This article was published 11/04/2015 (3804 days ago), so information in it may no longer be current.

A whole lot of nothing turned into a celebration day at the MTS Centre for the final, meaningless game of the 2014-15 NHL regular season.

For a change, the lack of meaning was good news for the Winnipeg Jets, having already secured their berth in the Stanley Cup playoffs Thursday.

The Jets scratched eight regulars — health reasons, coach Paul Maurice said — and their opponents, the Calgary Flames, took the game just as seriously. Also in the Western Conference playoffs after last Thursday’s results, the Flames sat out nine regulars.

Trevor Hagan / Winnipeg Free Press
Winnipeg Jets' Mark Scheifele (55) and Adam Pardy (2) celebrate after the teams victory against the Calgary Flames.
Trevor Hagan / Winnipeg Free Press Winnipeg Jets' Mark Scheifele (55) and Adam Pardy (2) celebrate after the teams victory against the Calgary Flames.

Whose B team was better?

The Jets, and by a country mile, drilling the Flames 5-1 using a little of Calgary’s game plan — a big third period. Winnipeg fired four in the closing 20 minutes to win going away, reaching 99 points for the regular season for the first time in franchise history. It’s also the most ever for a Winnipeg-based NHL team.

The Flames finished the year with 97 points and enter the first round against the Vancouver Canucks.

“This one, we won’t over-assess it,” said Jets coach Paul Maurice. “We probably won’t watch it.”

Did reaching 99 points hold any significance?

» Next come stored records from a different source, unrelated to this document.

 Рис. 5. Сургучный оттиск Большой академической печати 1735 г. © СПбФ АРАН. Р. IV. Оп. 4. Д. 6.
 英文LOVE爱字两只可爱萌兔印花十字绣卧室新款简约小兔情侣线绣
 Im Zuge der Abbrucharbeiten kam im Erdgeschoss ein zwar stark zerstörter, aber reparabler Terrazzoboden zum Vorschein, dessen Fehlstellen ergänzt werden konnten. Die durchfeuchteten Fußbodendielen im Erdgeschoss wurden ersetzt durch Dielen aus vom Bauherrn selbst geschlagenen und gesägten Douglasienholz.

“We made the playoffs,” said Jets defenceman Dustin Byfuglien, back in the lineup after serving his four-game suspension. “Nothing (more).”

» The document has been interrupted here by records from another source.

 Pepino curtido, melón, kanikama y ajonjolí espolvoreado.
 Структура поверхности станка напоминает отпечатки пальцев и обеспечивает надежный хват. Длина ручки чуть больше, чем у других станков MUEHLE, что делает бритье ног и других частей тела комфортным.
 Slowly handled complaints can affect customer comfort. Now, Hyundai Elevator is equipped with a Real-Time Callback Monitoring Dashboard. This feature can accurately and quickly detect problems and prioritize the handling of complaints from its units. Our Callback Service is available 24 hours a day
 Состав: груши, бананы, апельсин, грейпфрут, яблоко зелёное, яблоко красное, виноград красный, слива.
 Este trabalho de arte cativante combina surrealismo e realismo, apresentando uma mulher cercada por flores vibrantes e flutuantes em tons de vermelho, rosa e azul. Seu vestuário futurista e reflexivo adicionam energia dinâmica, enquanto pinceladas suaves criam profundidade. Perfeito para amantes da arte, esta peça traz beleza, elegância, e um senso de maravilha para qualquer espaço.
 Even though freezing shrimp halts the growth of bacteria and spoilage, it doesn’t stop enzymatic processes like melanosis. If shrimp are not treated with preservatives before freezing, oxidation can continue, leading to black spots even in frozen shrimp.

The 15,016 fans —the 147th straight official sellout at the MTS Centre — saluted the Jets with ovations during the warm-up, the pre-game entrance, the pre-game special awards presentations and during the waning moments of the third period.

After trading goals in the first minute of the game, one by Calgary’s Michael Ferland and another by Winnipeg’s Drew Stafford, the Jets rapped the Flames with scores by Michael Frolik, Lee Stempniak, Adam Lowry and Matt Halischuk in the runaway third. 

On the outs

The Jets sat out goalie Ondrej Pavelec, defencemen Jacob Trouba, Tyler Myers and Mark Stuart and forwards Andrew Ladd, Bryan Little, Blake Wheeler, Eric O’Dell and Mathieu Perreault. Stuart took the warmup, possibly in an attempt to play, but Maurice likely squashed the idea.

The Flames, who could have put some pressure on the Pacific Division’s second-place team, Vancouver, with a win, opted to play it safe. And it was probably smart, considering the Canucks were facing Edmonton later Saturday.

They scratched goalie Kari Ramo, defencemen Kris Russell, Dennis Wideman, T.J. Brodie and Raphael Diaz and forwards Johnny Gaudreau, David Jones, Sean Monahan, Jiri Hudler and Paul Byron.

In we go

The Jets used Game 82 to give some important minutes to two important players.

They brought Byfuglien and defenceman Toby Enstrom back into the lineup, Enstrom after missing last week’s stellar three-game road trip with injury.

Both looked just fine and will be ready as regulars when the playoff series begins.

“They’re ready to go,” Maurice said. “Buff played 24 (minutes), Toby just under 21. It’s all we were looking for. Hard game for defencemen to play, because forwards aren’t where they’re supposed to be most of the time and their forwards aren’t where they’re going to be a lot of the time. All you need to do is get them a certain number of minutes to get them back up (to speed) and then our practice level will be high this week. They’ll be ready.”

Favourite number

The Jets improved their season to 43 total wins and reduced their goals against to 210, both bests. The goals-against numbers in actual hockey was 204, placing Winnipeg in the top 10 in NHL defence, the franchise’s highest ever. Never before had the team been out of the bottom 10 in this category.

But Maurice’s favourite number from the season was a peculiar but telling choice — the team’s 26 regulation losses in 82 games. In that column, the Jets are a top-10 NHL club.

“The number that I appreciate is that we lost 13 games in regulation, home and road,” Maurice said. “There’s some strength to our game in both places. When you figure we started 1-4 this year, and had 22 regulation losses (in the next 77 games) …we were a pretty darn good team in regulation, came ready to play most nights.”